Processes 2020, 8(8), 908; https://doi.org/10.3390/pr8080908
Submission received: 23 June 2020
/
Revised: 22 July 2020
/
Accepted: 23 July 2020
/
Published: 1 August 2020
(This article belongs to the Section Food Process Engineering)
Abstract
:In this study, we describe the development of an automated immunomagnetic separation device combined with real-time polymerase chain reaction (PCR) for detecting foodborne bacteria. Immunomagnetic separation (IMS) is a well-known method for the separation and concentration of target bacteria from a large volume of food samples. Magnetic beads functionalized with an antibody provide selectivity for target bacteria such as Escherichia coli O157:H7. Moreover, compared to conventional methods, real-time PCR enables high-sensitivity detection of target bacteria. The method proposed in this study involves three steps: (1) pre-enrichment, (2) automated IMS and concentration of target bacteria, and (3) detection of target bacteria by real-time PCR. Using food samples with a working sample volume as large as 250 mL, the whole process only requires 3 h. As a result, target bacteria in the range of 101–102 colony-forming units per mg or g of sample can be detected in food samples, such as milk, ground beef, and cabbage, by using the proposed approach. We anticipate that the automated IMS system combined with real-time PCR will contribute to the development of a fully automated system for detecting foodborne bacteria and serve as a multi-tester for a variety of bacterial strains in the capacity of a sample-to-answer device in the near future.
1. Introduction
Escherichia coli O157:H7 is a pathogenic bacterium harmful to human health. The major reservoirs of E. coli O157:H7 include cattle, ground beef, milk, and uncooked vegetables. In humans, a very low infectious dose is enough to cause various illnesses, such as diarrhea and hemolytic uremic syndrome (HUS), which can lead to serious health and financial consequences [1,2,3,4]. A straightforward and rapid analysis method is key to minimizing the risk of foodborne pathogens. However, traditional methods for detecting foodborne bacteria rely on a long enrichment time or culture-based growth on a selective agar medium [1,5]. Polymerase chain reaction (PCR) has been reported as an alternative rapid detection method [6,7]. Among the PCR-based methods, real-time PCR is promising for the rapid detection of bacteria in a quantitative manner [8,9].

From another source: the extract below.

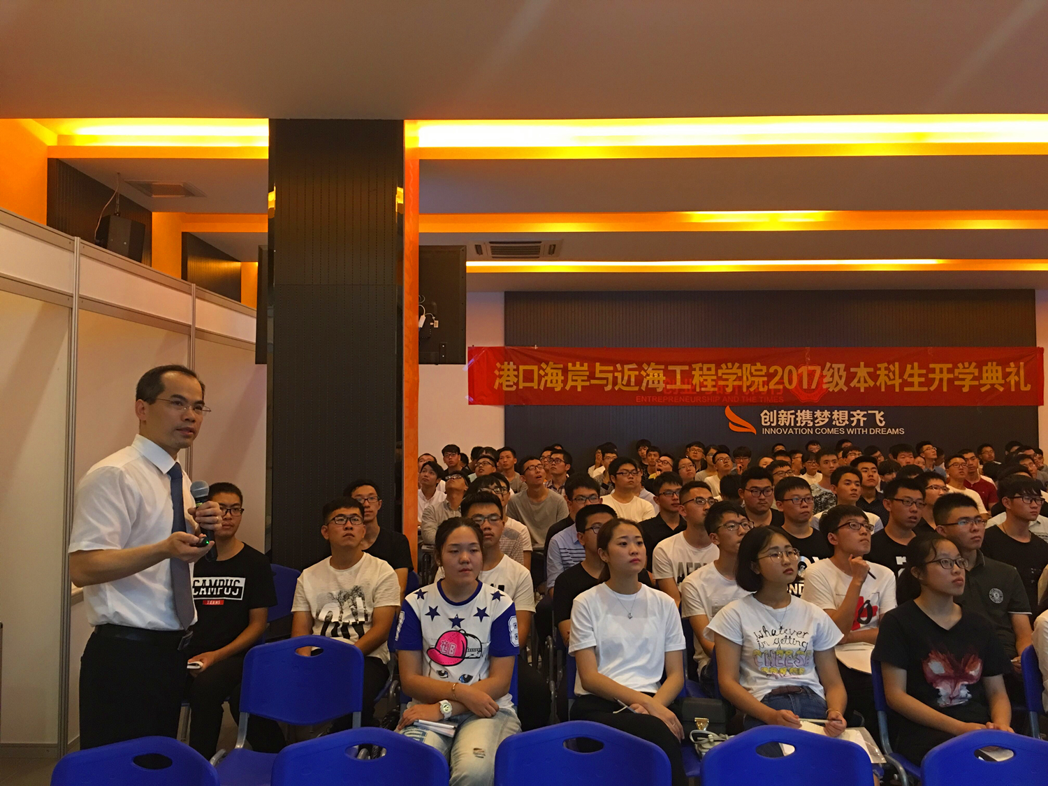 2017年9月6日下午,成人漫郑金海院长以《缘聚港航,教学相长》为题,在思源楼107会议室为港航院2017级全体新生讲授开学第一课。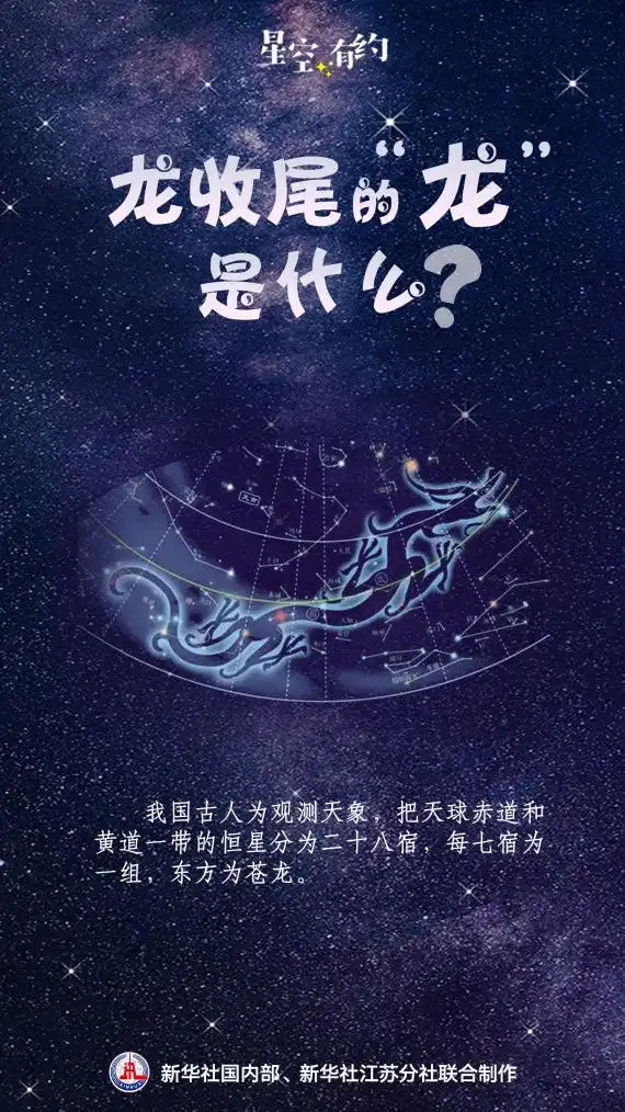 “‘龙抬头’‘飞龙在天’‘龙收尾’的‘龙’都指的是东方苍龙,由角、亢、氐、房、心、尾、箕七宿组成。”中国科学院紫金山天文台科普主管王科超说,角宿作龙头,亢宿为脖颈,氐宿为胸膛,房宿为龙腹,心宿是龙身,尾宿和箕宿共同代表龙尾,勾勒出一条龙的形象。

However, the reliability of PCR results depends on both the quantity and quality of the sample, including factors such as the number of target bacteria and the nature of the food matrix. When target bacteria are present at an insufficient level or absent, amplification and detection fail to occur. Some studies have reported the detection of E. coli O157:H7 using real-time PCR with a long enrichment time (>16 h). However, relying upon a long enrichment time is disadvantageous in preventing food contamination by undesired bacteria [10,11]. Furthermore, in the presence of PCR inhibitors with the target DNA, amplification does not occur successfully. Many studies have reported that PCR is inhibited by certain components of food and culture media [12,13,14,15,16]. Direct PCR-based detection of bacteria can be difficult in various complex food matrices, such as pork, salmon, and milk; moreover, pretreatment requires multiple steps to optimize the enzyme-based reaction conditions [17,18,19]. Therefore, there is a high demand for a straightforward and selective method of food sample preparation that includes selective separation and concentration of target bacteria from the food matrix.
Recently, manufacturers have begun to produce and commercialize immunomagnetic separation (IMS)-based automated devices. Antibodies bound to the surface of the device’s magnetic beads can enable selective capturing of target bacteria from various sample matrices. The magnetism of the magnetic beads can be used to rapidly separate and concentrate bacteria in a large sample volume (250 mL) using an external magnetic field, which can also eliminate PCR inhibitors. However, these challenges can be overcome or minimized by the incorporation of IMS during food sample pretreatment [20,21,22,23]. For example, the Pathatrix Auto System facilitates quick and easy isolation of the target bacteria from food, although it involves a tedious enrichment step (>5 h), and requires a small sample volume (10 to 60 mL) as an individual separation module [24,25].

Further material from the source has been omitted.